The line between educating students about a religion and promoting the faith is trampled in a booklet being used in public schools, writes Janet Tassel at the American Thinker website.
She details the use of The Arab World Notebook in a suburban Boston public high school. The teacher spent a day each to cover Christianity and Judaism, but devoted more than two weeks to studying Islam. And among the claims in the Notebook is that there is no Quranic justification for subjugating women and that the Jewish connection to Jerusalem is a modern fabrication.
Tassel describes the reaction of Tony Pagliuso, whose daughter was in the class. He dismissed the text as "total propaganda," and complained to the teacher.
Her explanation? Well, it came from Harvard's Center for Middle Eastern Studies, so it must be good. But the American Jewish Committee critiqued the book in 2005, finding it is "largely designed to advance the anti-Israel and propagandistic views of the Notebook's sponsors, the Middle East Policy Council (MEPC) and Arab World and Islamic Resources (AWAIR), to an audience of teachers who may not have the resources and knowledge to assess this text critically."
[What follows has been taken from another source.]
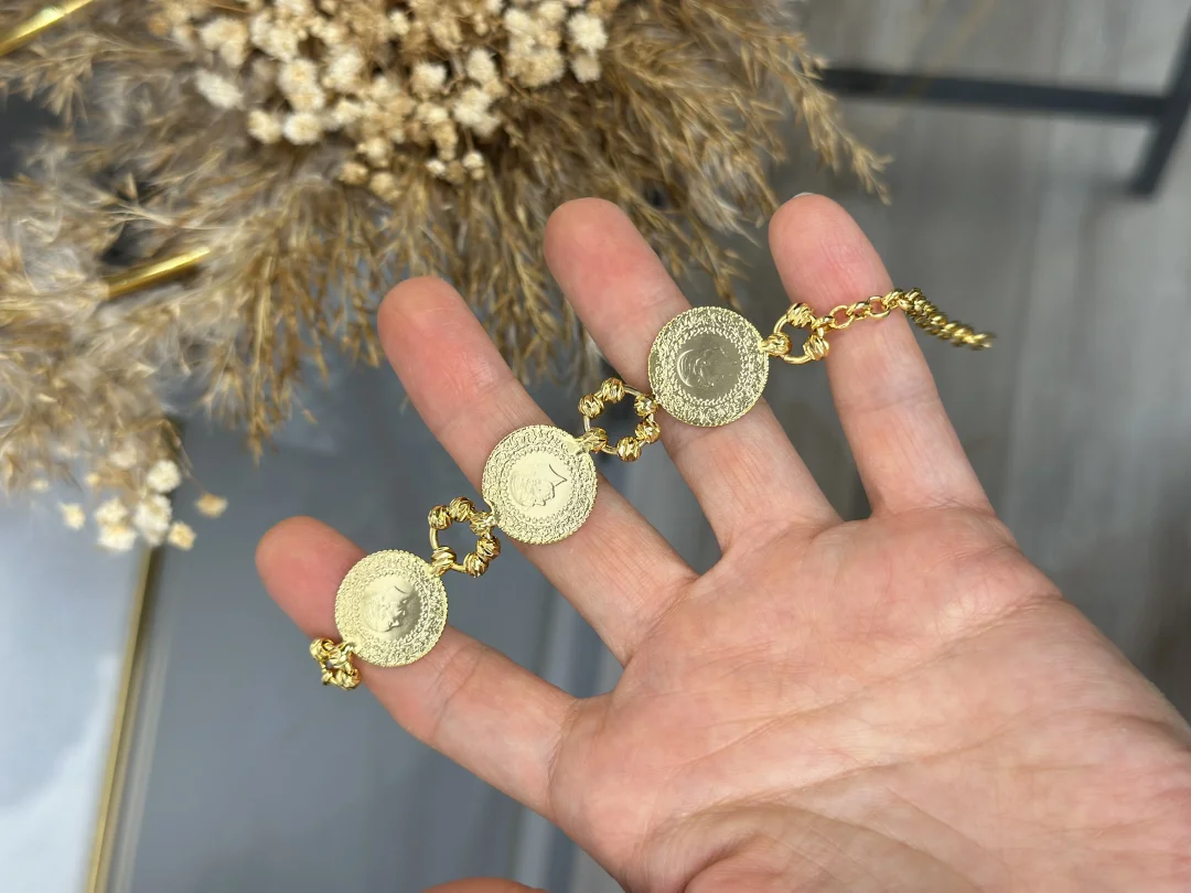 Birebir kuyumcu modeli! ✨ Bu gösterişli bileklik, 3 adet sabit "Çeyrek Görünümlü" detaya ve ışıltılı "Dorika" toplarına sahiptir. 22 ayar altın kaplamadır, Nikel içermez (Anti-Alerjiktir) ve ayarlanabilir (17+4 cm) yapıdadır. Zengin ve ışıltılı bir stil sunar.

MEPC is Saudi-funded, Tassel writes.
Thankfully, the superintendent in the Boston-area case agreed the chapter at issue "didn't meet the learning goals of the class" and had it removed from the curriculum. But that's just one school district. The AJC report found the Notebook fails to distinguish "fact and interpretation" or which accounts "within traditional Islam are disputed or unverifiable."
It's one thing to teach students about various religions. It's quite another to use sources which advocate for a faith. Tassel cites textbook watchdog William J. Bennetta, who found the "promotion of Islam in the Notebook is unrestrained," and the religious-indoctrination material that the Notebook dispenses is virulent."
It's a wonder educators are unable to see that.